The project involves the design and construction of a radioastronomical interferometer, which significantly enhances the angular resolution of observations in the celestial sphere, where the resolution depends on the distance between the antennas working in unison. The proposed system consists of three 3-meter diameter antennas forming a 20-meter per side triangle and a signal correlation and processing equipment for the signals received from the antennas, which can operate in frequency bands ranging from 1 GHz to 6.6 GHz (from L-Band to C-Band). For this project, our focus will be solely on the C-Band. An important feature is the portability of the system, allowing deployment at observation sites in the southern hemisphere and relocation for data validation in different locations.
The project includes the design of the positioning mechanics for both individual antennas and the entire instrument.

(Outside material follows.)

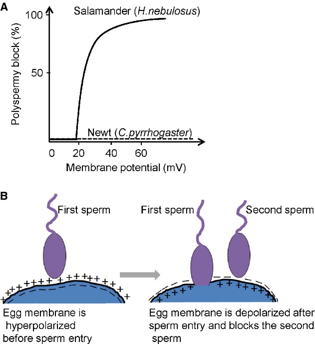 Figure 8. Positive‐going membrane potential controls sperm‐egg fusion in Hynobius nebulosus but not in Cynops pyrrhogaster. (A) A graphical representation of percent polyspermy block. When the eggs were clamped at membrane potentials >20 mV Hn‐sperms (curve) were prevented from fusing with the egg, whereas Cp‐sperms (dash line) were not (from Iwao and Jaffe 1989). (B) Cartoon showing the hypothesis of molecular mechanisms of polyspermy block, based on the ability of sperm to sense change in the egg membrane potential (adapted from Iwao and Jaffe 1989). After the first sperm is successfully fused with egg, the second sperm is prevented from fusion with the egg through VSP activities. In the second sperm, VSP, which could potentially be localized in sperm membrane, senses depolarized egg cell membrane through transient cell fusion and its phosphatase activity downregulates phosphoinositides which may be required for progression of cell fusion event (Ratzan et al. 2011). |

Likewise, it involves the construction of the antenna reception chains.
Finally, the acquired signals will be processed at a central location, where they will undergo recording and post-processing, including signal correlation through software and external synchronization via a disciplined clock.

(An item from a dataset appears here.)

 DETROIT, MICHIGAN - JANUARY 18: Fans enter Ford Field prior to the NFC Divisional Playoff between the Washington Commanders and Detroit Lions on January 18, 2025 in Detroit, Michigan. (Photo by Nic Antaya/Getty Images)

The scientific objective of this project is to create a detailed map of the C-Band reserved for radioastronomical studies, specifically regarding methanol, in the Southern Hemisphere sky. It is worth noting that this methodology could efficiently be applied to other frequencies of interest, such as hydrogen, hydroxyls, formaldehydes, etc. The instrument's location at a high southern latitude is recommended to enable continuous observations that compensate for sensitivity.
The project has the potential to yield scientific returns in astronomy and physics, allowing the generation of radiation maps in the mentioned frequency bands. Additionally, it develops techniques in mechanics, electronics, control, and software that will enable the implementation of a scalable interferometer for use with larger antennas in the future, potentially becoming part of the Very Long Baseline Interferometry Global Network.